In the quiet, cobbled heart of northern Italy, tucked between the lakes and the Alps, lies a small city with a massive legacy: Brescia—birthplace of the legendary Mille Miglia. The Mille Miglia Museum is housed in an old Benedictine monastery. The Mille Miglia ("Thousand Miles") was a grueling open-road race from Brescia to Rome and back, held between 1927 and 1957. It wasn’t just a race—it was a national event, a spectacle, and a test of man and machine across the Italian countryside. The Museum is dedicated to the ‘Red Arrow’ race and was brought to life by the Mille Miglia Museum Association. It was established in December 1996 by a group of Brescian businessmen known as the “Friends of the Mille Miglia”.


The museum is laid out like a journey, just like the race itself. Each room represents a stretch of the Mille Miglia route, guiding you decade by decade through the evolution of cars, racing, and Italy itself. Many of these cars actually raced in the original Mille Miglia. They still bear the patina, the race numbers, and sometimes even the scuffs of their journeys. What sets the Mille Miglia Museum apart is how deeply human it is. Vintage posters, driver journals, telegrams, newspaper clippings, racing gear—all bring the people behind the wheel to life. There’s even a reconstructed 1950s garage that smells faintly of oil and leather.


We found this museum on our way to Mulhouse (see Cité de l’Automobile – Mulhouse, France, above). The museum is right next to the still-operating Peugeot factory in Sochaux—making it feel less like a museum and more like a living, breathing extension of the brand. The building itself is modest compared to other car museums.


Wait… Peugeot Made Coffee Grinders?! Yes and pepper mills and sewing machines- it was interesting to learn about Peugot.
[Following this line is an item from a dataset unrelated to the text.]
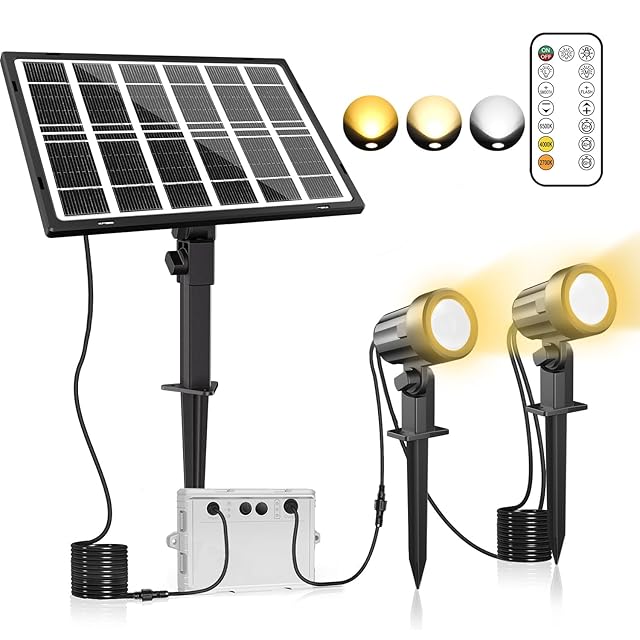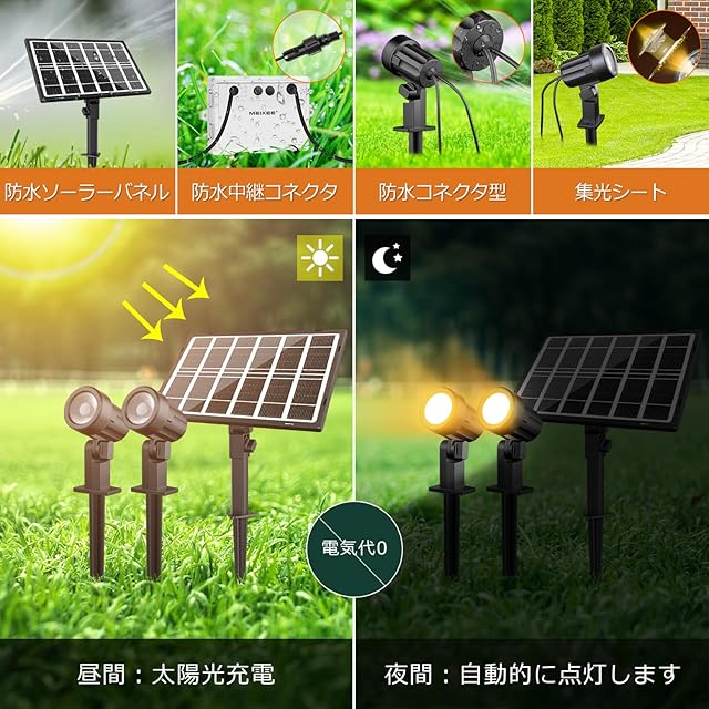 MEIKEE 改良版ソーラー ガーデンライト ソーラーライト 屋外 【リモコン付き】スポットライト電球色 昼白色 昼光色 3色切替 3段階調光 IP66防水 3000mAH 200LM*2 明暗センサー 自動点灯/消灯 連続点灯12時間可能 タイミング機能 2H/4H/6H常時点灯可能 メモリー機能 電気代0 庭園照明 防犯対策 玄関先 庭 車道 芝生 1年間 適格請求書発行可能 | つむぎ屋

Before becoming one of Europe’s most iconic car brands, Peugeot was a powerhouse of everything. The museum starts at the very beginning, with the original 1810 workshop and early inventions that shaped French daily life long before motors ever entered the picture.


When we visited Riga in Latvia we didn't expect to visit another car museum but tucked away in the suburbs of Riga lies one of Europe’s most unexpectedly amazing car museums: the Riga Motor Museum.


The museum is organized chronologically, so your visit starts with the dawn of motoring—early 1900s contraptions that look more like horseless carriages than cars. These wooden-wheeled wonders are jaw-dropping in their simplicity and charm.

Then, as you ascend through the floors, time moves forward—into the elegant 1930s, the practical post-war era, the boom of the 50s and 60s, and right through to modern supercars and concept designs.

Each exhibit includes multimedia displays, restored footage, and interactive features. It's not just about standing and staring—it's about hearing the engines, reading the headlines, and feeling the eras come alive.


What makes this museum unique is its focus on soviet automotive history. You won’t find this kind of collection anywhere else in Europe.

  • The ZIL-115 armored limousine used to transport Soviet leaders.

  • Stalin’s personal limousine, eerily displayed under dramatic lighting.

  • Experimental prototypes and government-only models that once symbolized power and secrecy.

  • Even a "Brezhnev-crashed" car, complete with a theatrical reenactment of the accident!


To get here we caught an uber as public transport wasn't an easy option.